Mulder still called her, not constantly, but regularly, with the kind of concern she would have expected from a trained therapist. It was easier on the phone, when she didn't have to see the man who'd touched her, who'd made love to her with complete sincerity. He asked all the right questions in just the right order.

It made her sick.

She'd always been demanding, and she'd told herself that holding herself to the same standards was reason enough to justify her requirements. But this time, what she wanted from Mulder was not reasonable and not generalizable. She wanted the man who'd allow her utterly inappropriate intimacies on their first case, who'd tell her about his implausible childhood trauma and stop the car to pull out the spray-paint just to make a mark on the world.
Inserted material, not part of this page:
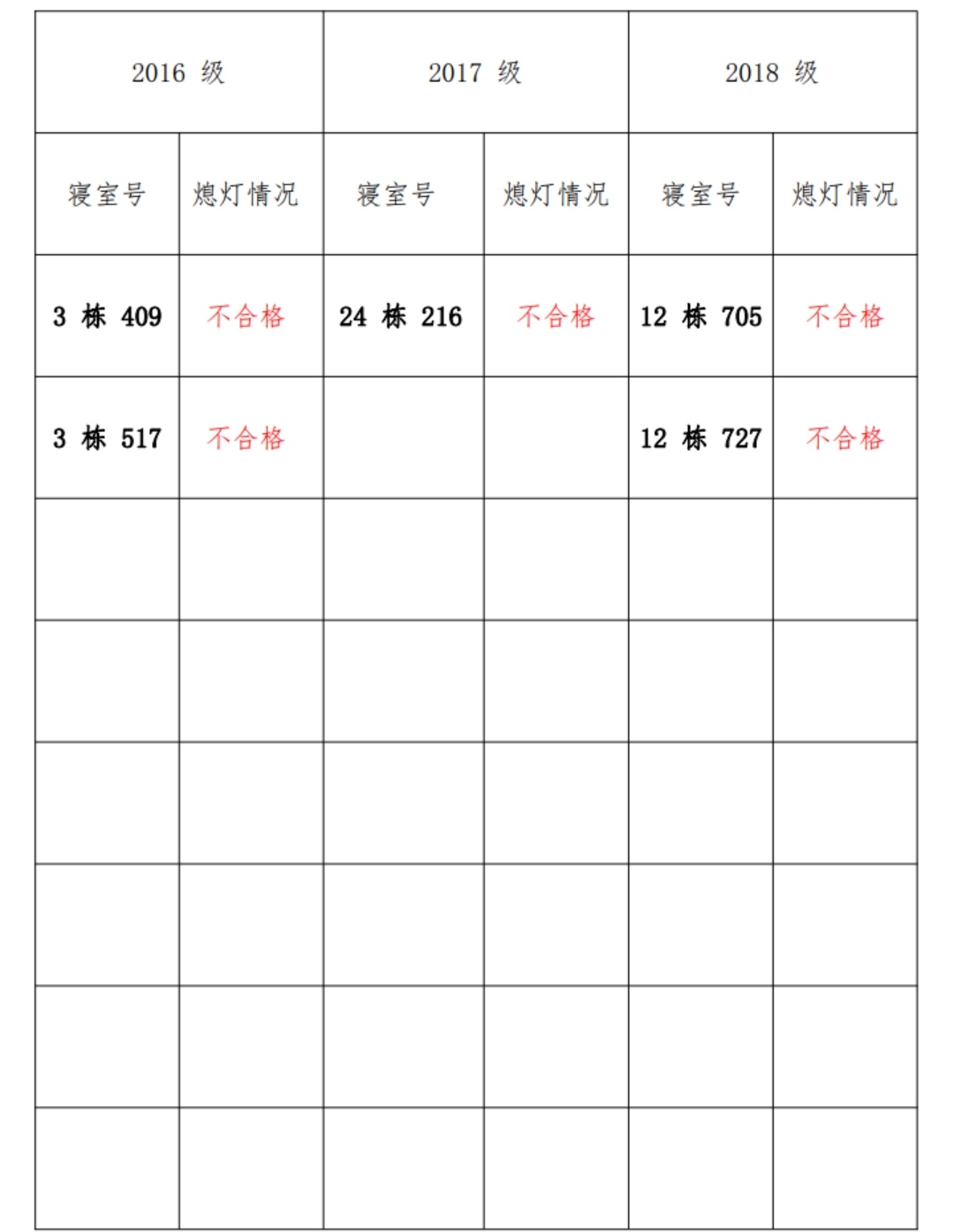为改正各种不良现象和陋习,增强宿舍学习氛围,营造温馨家园氛围,化学化工学院学生会生活部对三个年级所有寝室进行熄灯检查。本次熄灯情况通报不合格寝室 5 间,具体情况如下: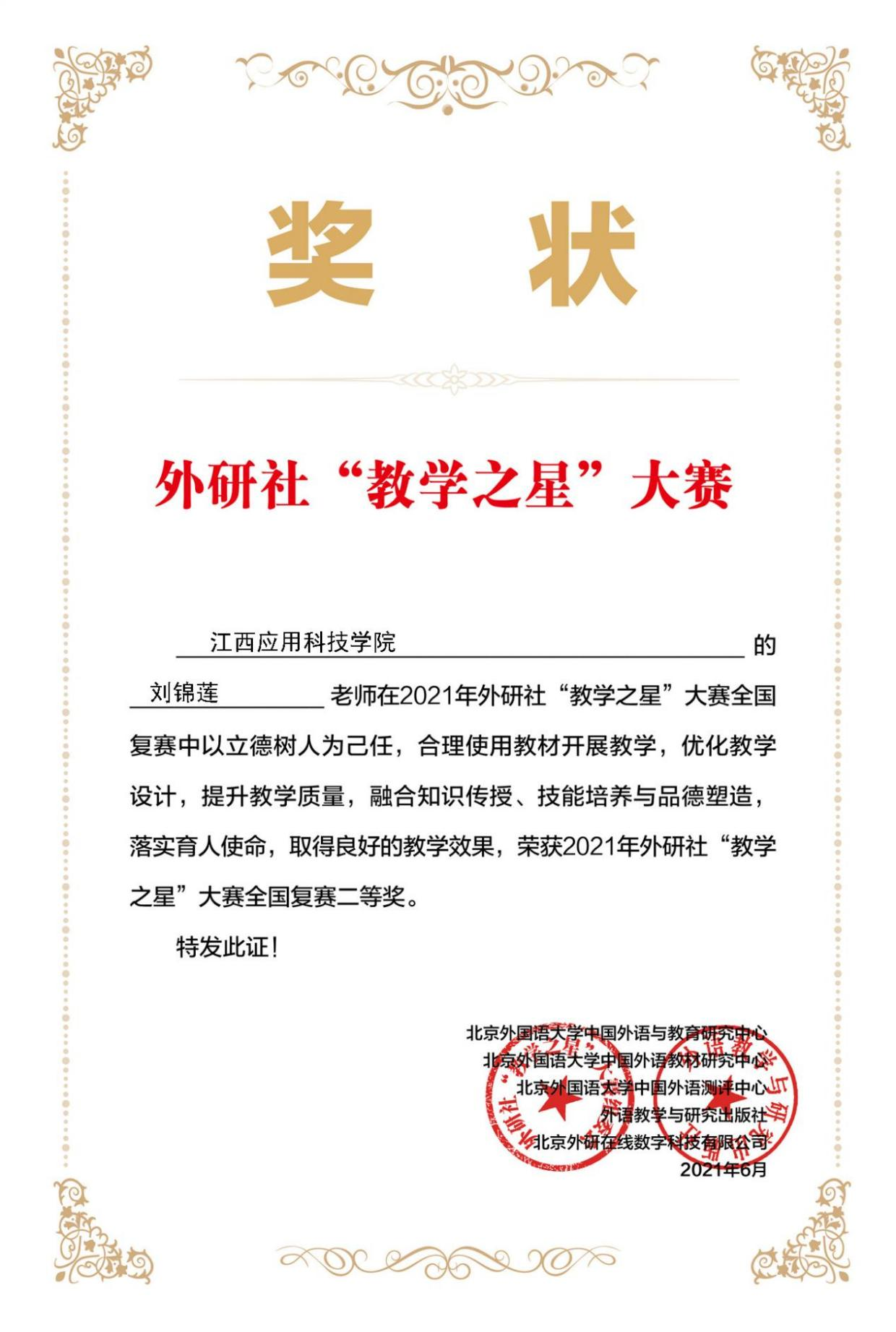 刘锦莲老师获得2021年外研社“教学之星”大赛全国复赛二等奖

For the first few months she asked him about his memories, retold stories in an attempt to make them real to him. He tried hard, no one could have disputed that, but somewhere in those disarranged neurons the fire that had consumed him had been quenched, and she wasn't enough to rekindle it. After a while she only updated him on the latest X-Files, and, if she hoped that one of the cases might trigger the old enthusiasm, neither of them found it necessary to discuss the matter.

"I miss you," he said one night early in the winter. And then there was just his breath across the phone lines, familiar and terrifying.

They never lied to one another, not out loud, not if it wasn't personal. She and Mulder hadn't, and she still owed his memory that honesty. "How can you?" she asked.

"Dana—" he began, and for a hot second she wanted to hurt him, physically. If she could have she would have reached out across the miles and pistol-whipped him. But then—"she wasn't entirely made up. I can still recognize so much in you."

Which was better, but not enough. "Then you're missing her," she said, her voice like a pond in winter.

"No," he said, that broken sincerity she knew so well. "She's gone. But you're not, Scully."

And even if it was that profiler's genius speaking in him, she wanted to believe him. More than she'd ever wanted to disbelieve the other things.

"You can't be him," she said, shutting down her false hopes. She didn't say, because she only feared it occasionally, that Mulder would be happier nonexistent—most of the time she thought that Mulder would want to be fighting still, for the barest chance to save Samantha or explain what had happened to her or expose the men whose machinations had brought them to this place. Most of the time she thought that he would grieve with her, if he could have. "You do good work. You're a fine agent and," she fought through the stiffness, "I am proud to call you my friend."

Now they were breathing together, her a little faster, not quite in sync any more than they had ever been.

"So that's it," he said, and the finality of it was something that Mulder would never have accepted.

"Take care of yourself, Fox," she said, and hung up the phone. In the morning, she'd talk to Skinner about finding someone to bring on board who might be able to handle the X-Files. Someone with a good imagination and no family; not a partner, surely, but perhaps an assistant and a gun arm.

Mulder would have understood the need to keep moving even when there was nothing left.

She hoped he wouldn't call again.

Where she was going, he couldn't follow.